ACTIVITY.
Leaving out all pictures, return exactly the lines from the one that contains "On 10 October" through the end of the data below.

COLLECTED MATERIAL.
☆ ☆ ☆ ☆ ☆ ☆ ☆
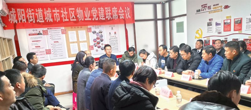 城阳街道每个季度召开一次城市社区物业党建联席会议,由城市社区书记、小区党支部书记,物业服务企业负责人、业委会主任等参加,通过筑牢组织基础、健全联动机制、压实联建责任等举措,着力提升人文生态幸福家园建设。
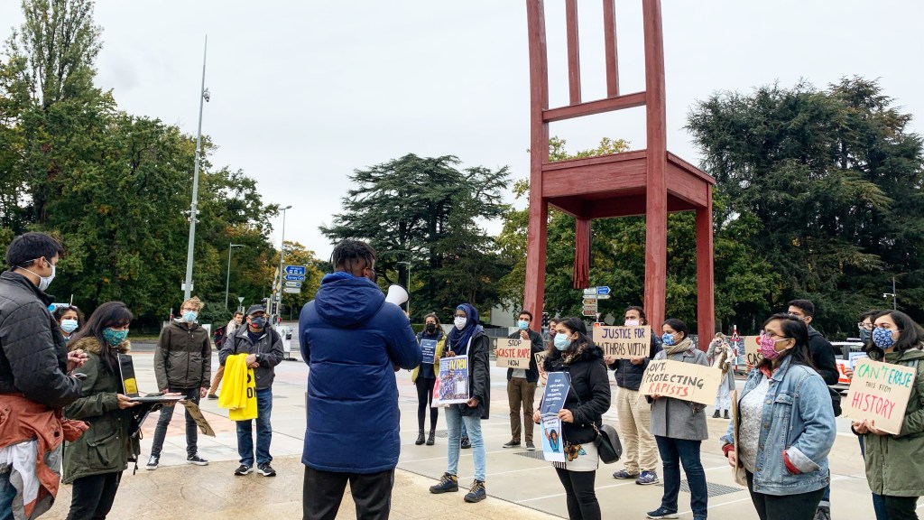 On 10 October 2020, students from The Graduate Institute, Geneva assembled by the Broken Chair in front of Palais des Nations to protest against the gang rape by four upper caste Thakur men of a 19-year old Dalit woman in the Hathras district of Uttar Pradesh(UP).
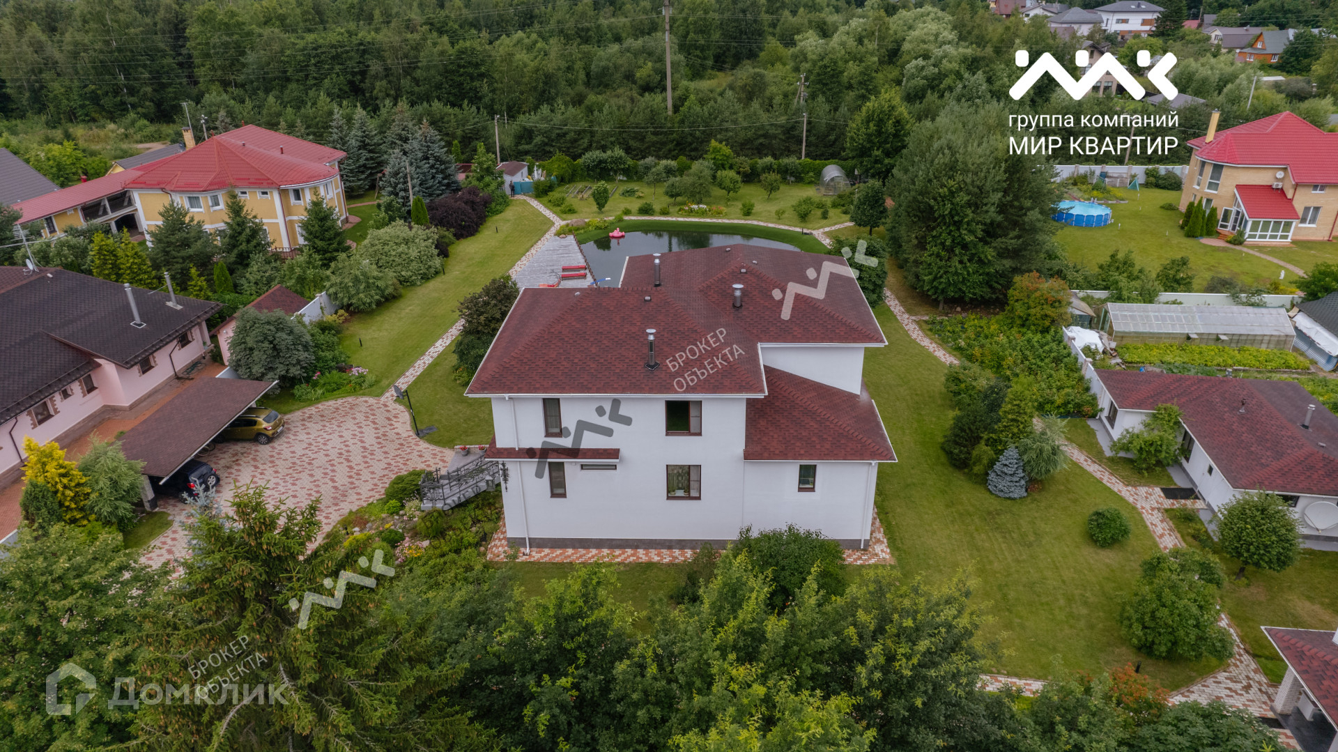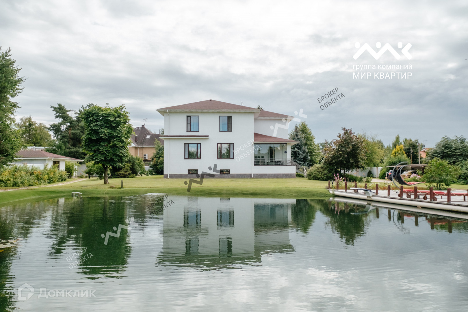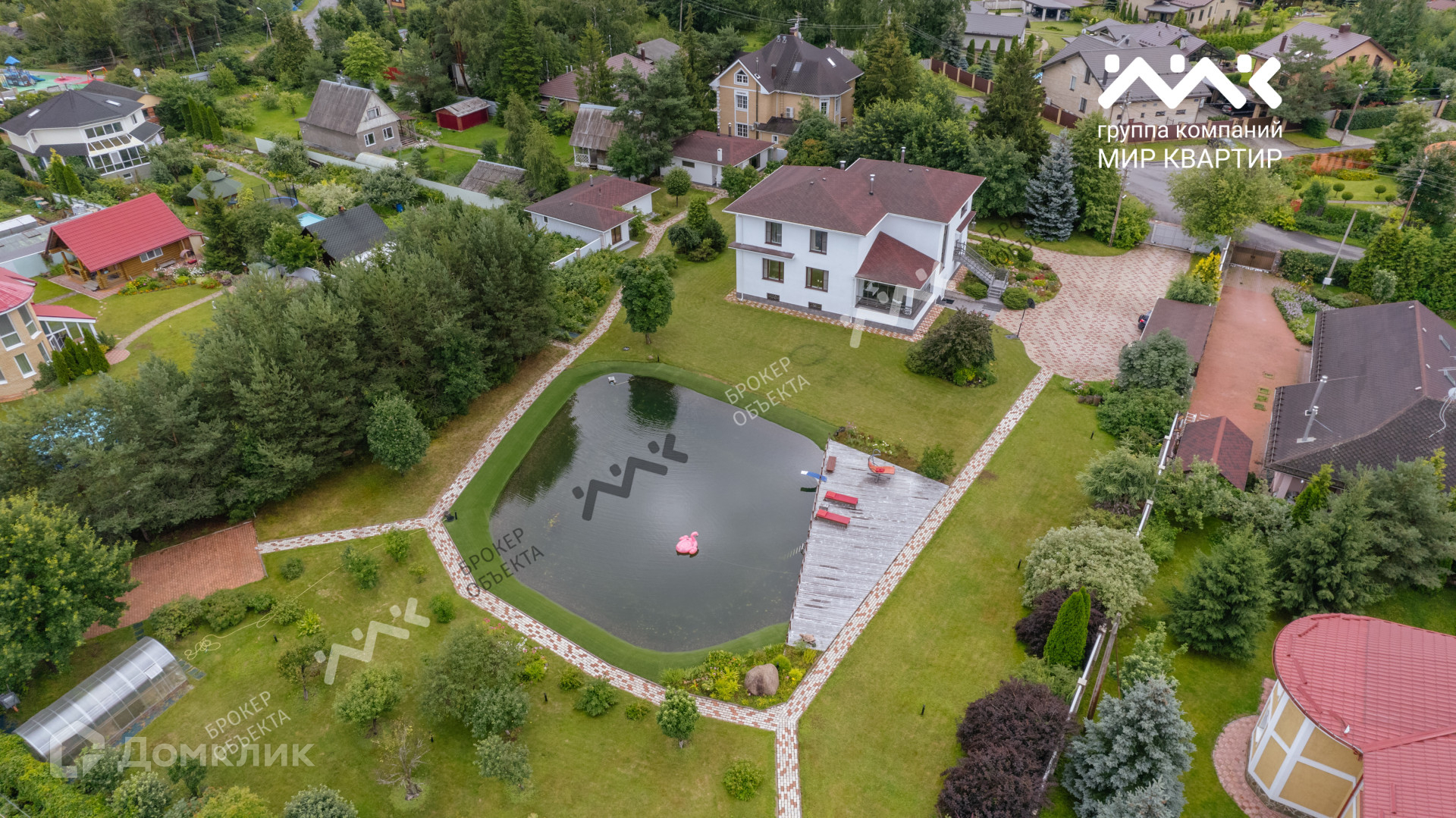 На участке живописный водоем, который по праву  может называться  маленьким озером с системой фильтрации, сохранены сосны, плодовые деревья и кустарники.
☆ ☆ ☆ ☆ ☆ ☆ ☆
PROBLEM SOLUTION.
 On 10 October 2020, students from The Graduate Institute, Geneva assembled by the Broken Chair in front of Palais des Nations to protest against the gang rape by four upper caste Thakur men of a 19-year old Dalit woman in the Hathras district of Uttar Pradesh(UP).
 На участке живописный водоем, который по праву  может называться  маленьким озером с системой фильтрации, сохранены сосны, плодовые деревья и кустарники.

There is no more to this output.